I did read it and read his explanation too so I know it's about all kinds of sex (even though it was obvious from the story). In spite of that, it managed to not be the kind of soft-porn HBO sometimes gets in to. I'm not sure I agree it's his best book, but he managed to do a lot of controversial things in that book that would probably have gotten the book banned if they were spelled right out. To me that's more important than the characters just screwing all over the place as say, Heinlein might have done it. You get too much in the screwing, and you lose sight of the message.

Asimov wasn't a prude, I don't want to insinuate that he was or that sex would cause him to spin in his grave. Having his better works reduced to porn though, might. The point of many of his books was not to cater to our prurient interests, it was to put them in context of something greater. I really like what HBO has done with quite a few series, but my concern is, thus far, they haven't managed to do anything like this. They know how to make a show that caters to the mass audience, they manage to keep it somewhat intelligent while doing it, but can they make a show that rises above?

Comment Re:The FCC is waiting for a new president (Score 2) 127

I'm willing to bet that anything the FCC does will be part of a brokered arranagement involving a bundle of entirely unrelated topics about H1B visas, oil pipelines, obamacare, and no doubt things I care even less about. I won't bet a dollar on how the deck is going to be split, only that it will be split.

The standoff can't continue: if the republicans keep doing nothing they're going to hurt in 2016. If Obama veto's everything the democrats will hurt in 2016. Something will happen in the next 2 years, I'm just afraid of what it will be.

Comment Re:Yes! (Score 4, Insightful) 242

Foundation was not really prudish, but Asimov really didn't include (any that I recall) blatant sex scenes or sexual themes in his books, at least directly. It was always between the lines, as a means to advance the plot. Similarly the language was pretty clean most of the time.
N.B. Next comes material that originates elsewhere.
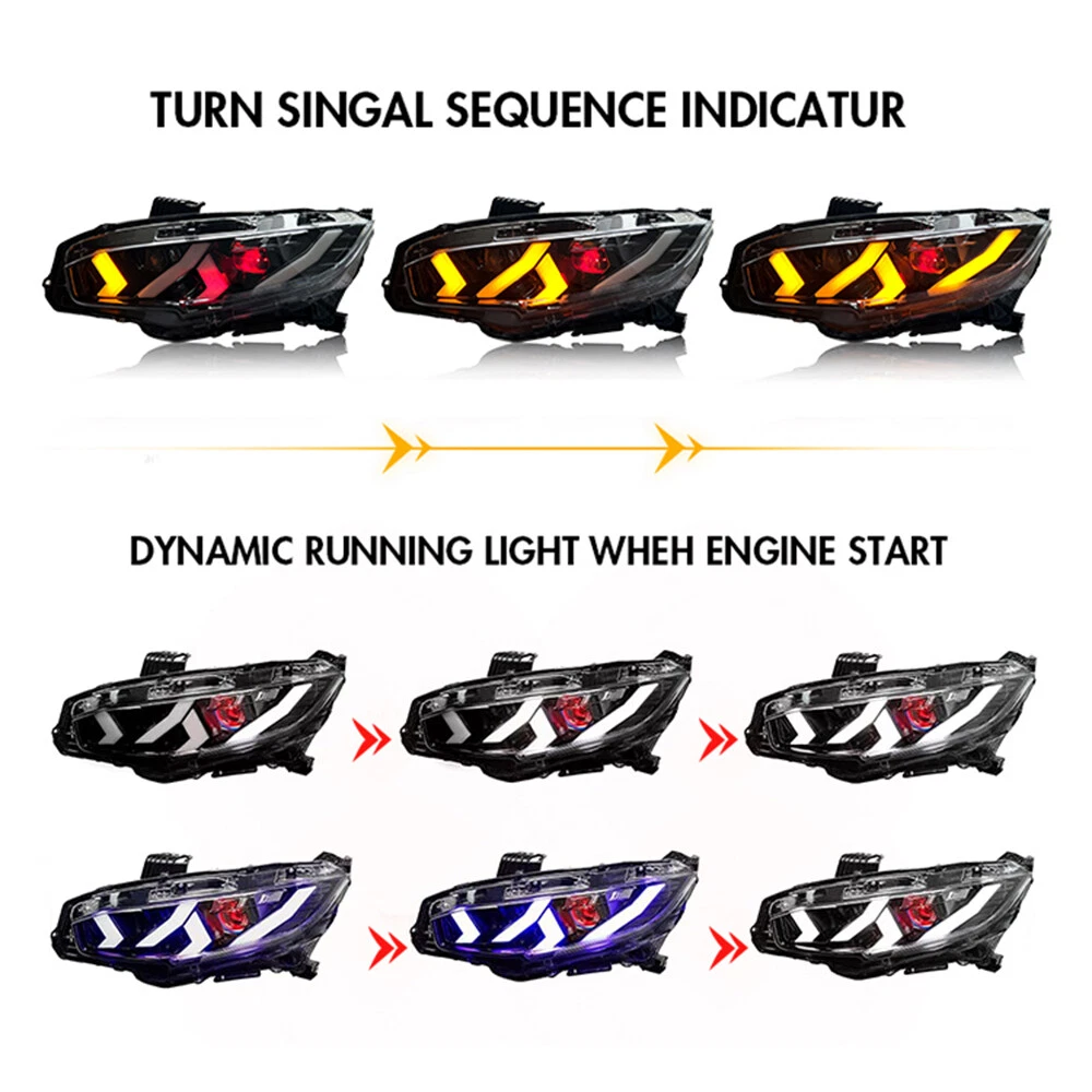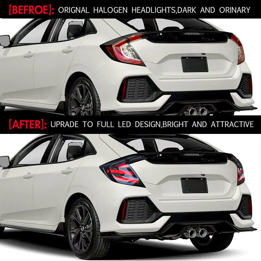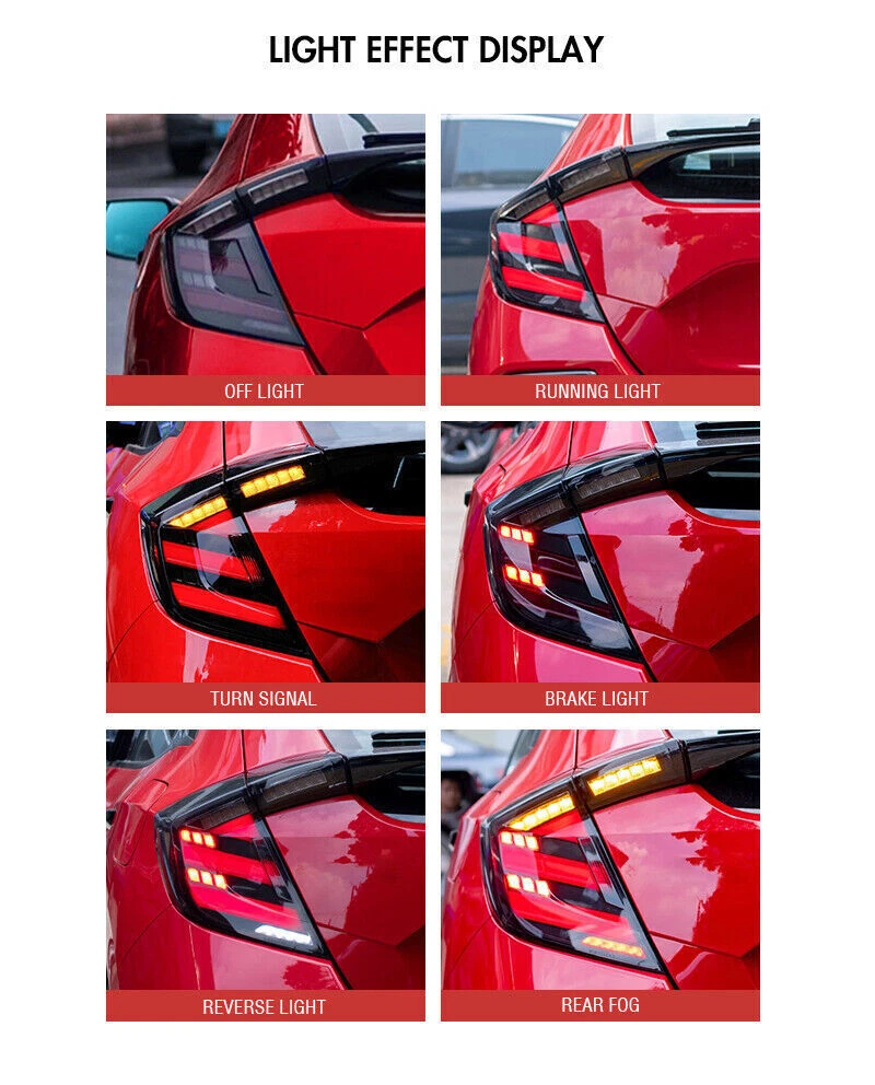 YOU MAY LIKE(FOR HONDA CIVIC) Pair LED Headlights For Honda Civic 2016-2021 Red Demon Eye Front Lamp Assembly BUY NOW LED Headlight for Honda Civic 11th Gen 2022-2024 Animation Sequential Front Lamp BUY NOW For 2022 2023 2024 Honda Civic Sedan LED Head Lamp RGB Tailights Lamp Assembly BUY NOW RGB LED Projector Headlights For 2016 2017 2018 2019 2020 2021 Honda Civic LH&RH BUY NOW Clear Lens LED Headlights For 2006-2011 Honda Civic 4Dr Sedan Animation Signal BUY NOW Pair RGB LED Projector Headlight DRL Assembly For 2016-2021 Honda Civic 10TH Gen BUY NOW LED Taillights For Honda 2006-2011 Civic Sedan Inner Outer Side Brake Rear Lamps BUY NOW LED Tail Lights for Honda Civic 11th Gen 2022 2023 2024 RGB Sequential Rear Lamp BUY NOW For Honda Civic Sedan 2016-2021 Pair RGB LED Tail Lights Dynamic Rear Rear Lamps BUY NOW 4-Lens LED Headlights DRL for 2006-2011 Honda Civic 4-Door Front Lamp Assembly BUY NOW Pair LED Tail Lights For Honda Civic Hatchback 2016-2021 Rear Lamps Sequential BUY NOW RGB LED Projector Headlights DRL For Honda Civic 2016-2021 Head Lamps Assembly BUY NOW Fitment: For Honda Civic Hatchback 2016-2021 Package Includes: 1 Pair (Left Side + Right Side) Taillights Assembly Set 1 Pair (Driver Side + Passenger Side) Headlights Assembly Set (Including Some Installation Accessories) Specification : Brand :TT-ABC Product Condition: 100% Brand New Type: LED Headlights And Taillights Assembly A few second of Start up Animation Sequential Turn Signal Full LED, No need to purchase additional light bulbs Functions: Running light +Brake light +Turn Signal+Reverse light DRL +High Beam+Low Beam lights+Turn Signal Operating Voltage: 12V-14V Material:High Quality ABS Plastic+PC+PMMA Waterproof Rate:IP67 Warranty:1 year Features:DOT-Certifed, Durable, Easy lnstalation, High Quality, OE-Certified, SAE-Cerified, Sealed Assembly, Waterproof, ISO-Certifed, Dustproof And Shurdy Note: 1.Using your factory supplied connector/harness will avoid cutting or modifying any wires.It is plug and play, easy to install still professional installation is recommended. Benefits of LED making you safer on the road for other road users to see. 2.If you have any problem, please contact me . About us Payment Shipping Returns Contact us Feedback TT-ABC is a company specializing in the production and sales of automotive parts. We offer a variety of products, including headlight, high beam lights, low beam lights, fog lights, contour lights, turn signals, brake lights, reverse lights, and interior lighting. We have our own production factory and collaborate with hundreds of component factories, committed to providing customers with high-quality products, the most favorable prices, and a professional after-sales customer service team. Our goal is to meet the needs of our customers and provide them with an excellent shopping experience. 1.Please confirm if the address and postal code are correct before placing an order! Convenient and fast shipping. 2.We can accept payment method is PayPal, Google Pay, Visa, Master Card, Amex and Discover and other payment way. 1.Shipping from the US Stock by USPS,FedEx or UPS . 2.Within 1-3 business days after payment cleared. 3.Please offer us your telephone number and correct zip code,or your order will be delayed since the courier will need it for the delivery. 4.Delivery time depends on destination,usually arrive 1-6 days after delivery. There are some tips for you: 1. If There are any problems with the product, please contact with us before leaving neutral and negative reviews feedback ,give me a Chance to make it right 2. If you are in our exclusion countries. Please write to us for shipping .If When the goods arrive, please check them carefully 3. If you find that the goods have been damaged, please be sure to refuse to collect the goods and ask the courier to return the goods to us. If the goods are damaged, please do not collect. 4. If the item you have ordered is defective, contact us within the warranty period, we will replace the defective item for you with an item of equal functionality at first. 5. If buyer do not want neither replacement nor partial refund, but want returning,buyer should be responsible for all the returning ship charges. 6. To be eligible for a return, the item(s) must be in new, unused condition with all original tags and packaging intact. Please note that we cannot accept returns for items that have been used, damaged, or altered in any way. Our working hours are from 9:00am to 18:30 China time (Monday to Friday). Communication is the best way to solve problems. If you have any questions, please contact us or leave us a free message. We will reply immediately at our convenience. After-sale If it happens that the lights get moisture after you install them on your car, it would be normal for first time using. You just need to keep using for a period of days, the moisture will disappear. because there is inner air cycling in the lights as we design. As for headlights, you can also open the cover of low/high beam so that the moisture will out more quickly. If the moisture still exist, please feel free to send us message for help, we will try our best to help you. After you install, if you find that there have function does not work, please check if the harness is connected correctly, and exchange the left and right , If it still does not work, please rember take some photos or videos, please feel free to contact us. We will appreciate if you can takes some pictures or videos about your problem, and also send us the barcode of the products(every product we sell has a barcode on the backside of the light and outside of the package, it's very important for us to find the problem) If you open a request or case optionaly before communication, it would be hard for us to serve you. Feedback Policy: At our store, we pride ourselves on providing an exceptional shopping experience for our customers. We offer high-quality products and outstanding customer service, an

I'm not sure how this fits HBO's M.O. I mean they added MORE sex to Game of Thrones, and the books I think covered almost every variety and perversion attainable without giving characters internet access.

Foundation to me was always more Star Trek style science fiction, geared towards dreamers and full of hope (even in spite of what psychohistory predicted, and why Foundation existed). In contrast, HBOs other series, though well done, tend to focus on our seedier side. HBO can make a good show, but I wonder if the end product will resemble the series it's based on. Sex won't ruin it, but done the way HBO does it, will certainly be distracting.

Comment Re:Be the Change You Wish to See in the World (Score 1) 438

Yet by purchasing slaves you are increasing demand for slaves, which prompts the slave industry to acquire more. This doesn't strike me as morally pragmatic, it strikes me as wrong. The slaves did not volunteer for their duty, it was not their choice to leave their savagery, I see no way to argue that as being right. The best way to be the positive drop in the bucket is first and foremost to take the money out of the industry: don't buy slaves.

Moral pragmatism is coming in to possession of the slaves second hand (i.e. saving them from death), treating them well and releasing them and ideally giving them a paying job (given that released slaves in the US would likely have a rough go). Given the laws and social conditions, releasing them may actually have caused them greater harm, I can see having to make a less than ideal choice on this one for the greater good.

The harder choice is one more like what we face today (H1B) and more like what might be driving the cheating in India. These people choose their indentured servitude here, and you can't argue it's a step up, yet is entirely destructive and unfair. What we should be doing is giving them green cards. That will take the money out of the system and cut much of the cheating. The rest I would argue should be handled through testing that is more standardized and much harder to cheat on (with real legal penalties). Universities ultimately are not about qualifying people for a job, they're about education, it's on the student to use his time there productively. They should not also be the gatekeepers of qualification.